YOUR GOAL: Your answer must contain each line of the listing in which "that" appears, copied in full.

SUPPLIED RECORDS:
________________________
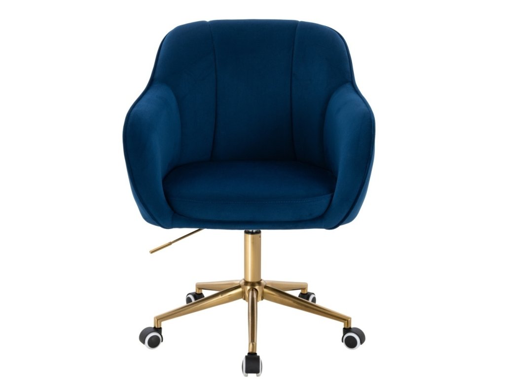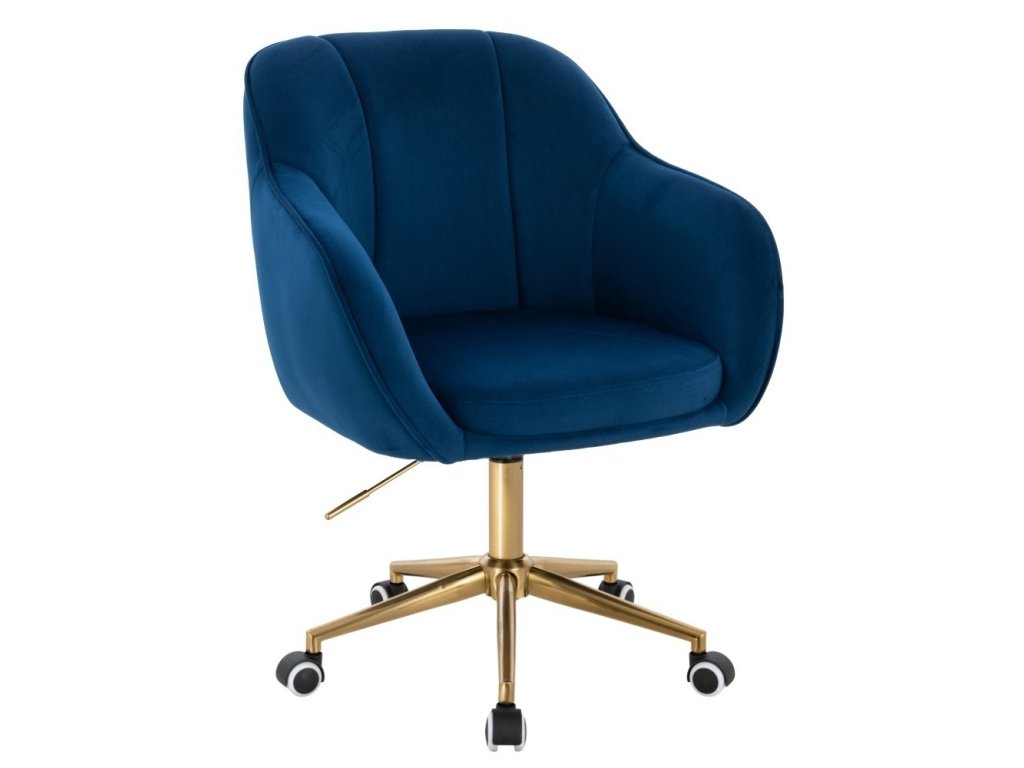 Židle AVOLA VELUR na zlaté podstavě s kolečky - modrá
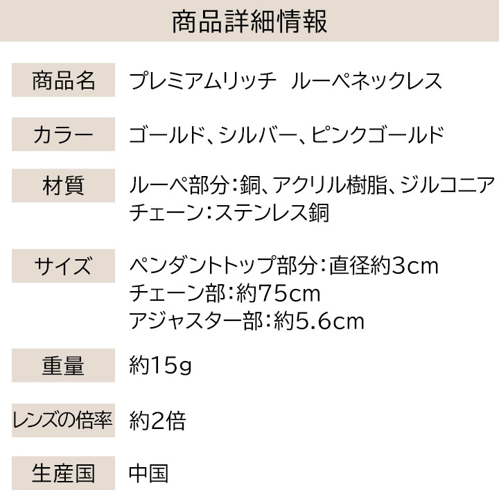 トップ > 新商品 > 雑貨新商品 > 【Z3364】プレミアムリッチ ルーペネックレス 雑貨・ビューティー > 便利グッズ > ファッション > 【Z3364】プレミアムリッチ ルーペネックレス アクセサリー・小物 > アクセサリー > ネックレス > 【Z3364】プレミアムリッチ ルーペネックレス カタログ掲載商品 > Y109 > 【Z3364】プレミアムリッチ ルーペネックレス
________________________
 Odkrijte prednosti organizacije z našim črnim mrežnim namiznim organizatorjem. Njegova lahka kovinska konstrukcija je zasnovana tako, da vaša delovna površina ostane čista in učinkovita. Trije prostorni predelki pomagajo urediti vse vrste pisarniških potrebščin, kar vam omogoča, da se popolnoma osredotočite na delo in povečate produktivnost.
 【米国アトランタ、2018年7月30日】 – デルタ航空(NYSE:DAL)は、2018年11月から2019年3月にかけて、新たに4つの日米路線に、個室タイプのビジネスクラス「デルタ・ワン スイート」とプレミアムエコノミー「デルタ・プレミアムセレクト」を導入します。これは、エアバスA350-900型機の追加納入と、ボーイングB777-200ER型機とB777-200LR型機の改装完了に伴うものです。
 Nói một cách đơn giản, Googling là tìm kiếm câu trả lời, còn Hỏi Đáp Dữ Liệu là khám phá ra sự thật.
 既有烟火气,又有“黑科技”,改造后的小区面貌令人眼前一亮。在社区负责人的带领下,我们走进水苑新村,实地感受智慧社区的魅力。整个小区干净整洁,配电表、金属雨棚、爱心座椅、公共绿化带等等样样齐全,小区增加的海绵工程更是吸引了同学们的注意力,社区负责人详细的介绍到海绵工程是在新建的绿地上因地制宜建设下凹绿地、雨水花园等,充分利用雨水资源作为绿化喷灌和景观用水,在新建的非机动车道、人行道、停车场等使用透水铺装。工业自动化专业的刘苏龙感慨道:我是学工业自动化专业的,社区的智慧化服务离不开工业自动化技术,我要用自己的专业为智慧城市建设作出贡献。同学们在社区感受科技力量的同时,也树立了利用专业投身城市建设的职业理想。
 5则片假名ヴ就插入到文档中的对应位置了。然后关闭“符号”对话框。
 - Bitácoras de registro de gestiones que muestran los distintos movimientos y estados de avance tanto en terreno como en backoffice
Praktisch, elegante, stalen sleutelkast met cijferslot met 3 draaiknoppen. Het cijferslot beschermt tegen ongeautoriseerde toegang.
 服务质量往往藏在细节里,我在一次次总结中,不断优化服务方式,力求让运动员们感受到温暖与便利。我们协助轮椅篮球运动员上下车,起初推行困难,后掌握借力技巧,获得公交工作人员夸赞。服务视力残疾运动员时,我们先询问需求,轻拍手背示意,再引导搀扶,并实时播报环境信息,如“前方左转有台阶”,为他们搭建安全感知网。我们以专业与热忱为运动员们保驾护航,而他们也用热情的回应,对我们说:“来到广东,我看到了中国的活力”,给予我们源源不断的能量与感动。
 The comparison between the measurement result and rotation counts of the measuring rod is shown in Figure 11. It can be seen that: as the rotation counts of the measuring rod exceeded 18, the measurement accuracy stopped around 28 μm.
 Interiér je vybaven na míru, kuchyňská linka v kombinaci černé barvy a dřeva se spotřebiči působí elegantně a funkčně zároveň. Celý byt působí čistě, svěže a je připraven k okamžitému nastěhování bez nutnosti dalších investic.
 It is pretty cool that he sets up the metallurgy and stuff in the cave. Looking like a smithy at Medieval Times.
________________________
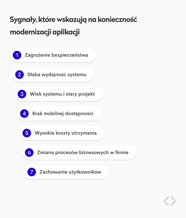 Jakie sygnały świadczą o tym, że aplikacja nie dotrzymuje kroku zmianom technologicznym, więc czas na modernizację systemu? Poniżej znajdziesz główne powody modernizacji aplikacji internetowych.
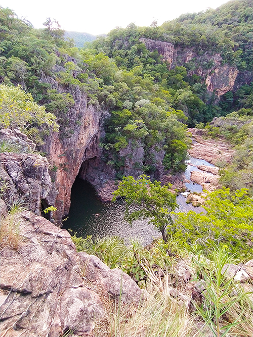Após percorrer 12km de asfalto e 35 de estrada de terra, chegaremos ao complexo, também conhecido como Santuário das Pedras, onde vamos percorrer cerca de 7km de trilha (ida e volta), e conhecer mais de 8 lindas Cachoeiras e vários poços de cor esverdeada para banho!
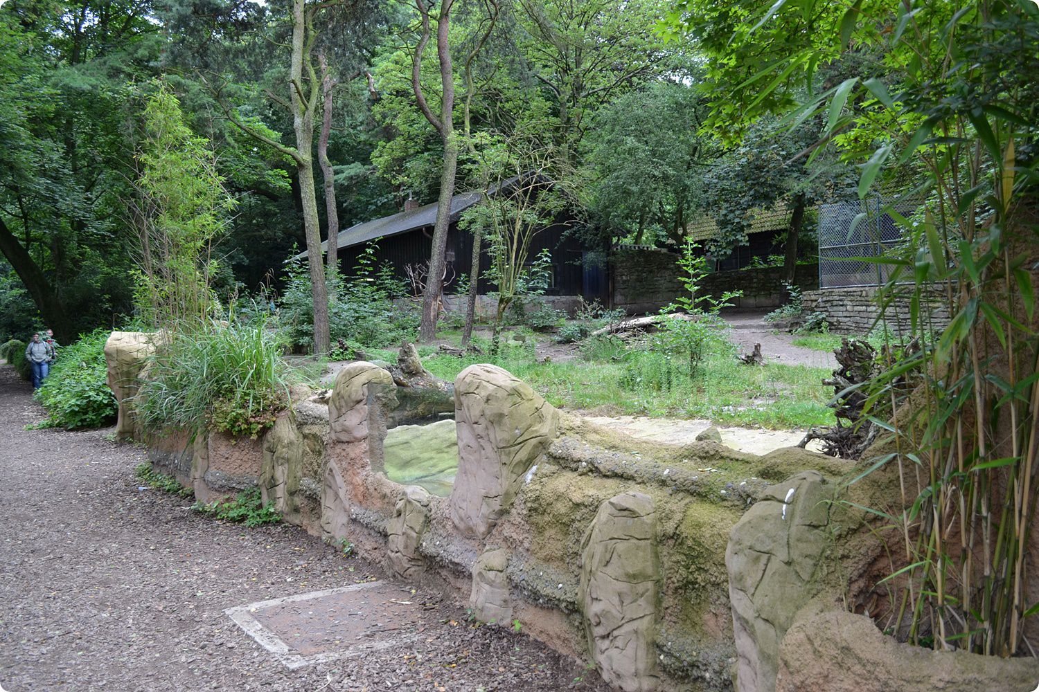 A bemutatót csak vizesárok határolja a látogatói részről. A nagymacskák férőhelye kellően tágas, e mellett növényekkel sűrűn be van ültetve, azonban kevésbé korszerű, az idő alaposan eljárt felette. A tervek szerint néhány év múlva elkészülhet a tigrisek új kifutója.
________________________
EXERCISE RESULT:
 The comparison between the measurement result and rotation counts of the measuring rod is shown in Figure 11. It can be seen that: as the rotation counts of the measuring rod exceeded 18, the measurement accuracy stopped around 28 μm.
 It is pretty cool that he sets up the metallurgy and stuff in the cave. Looking like a smithy at Medieval Times.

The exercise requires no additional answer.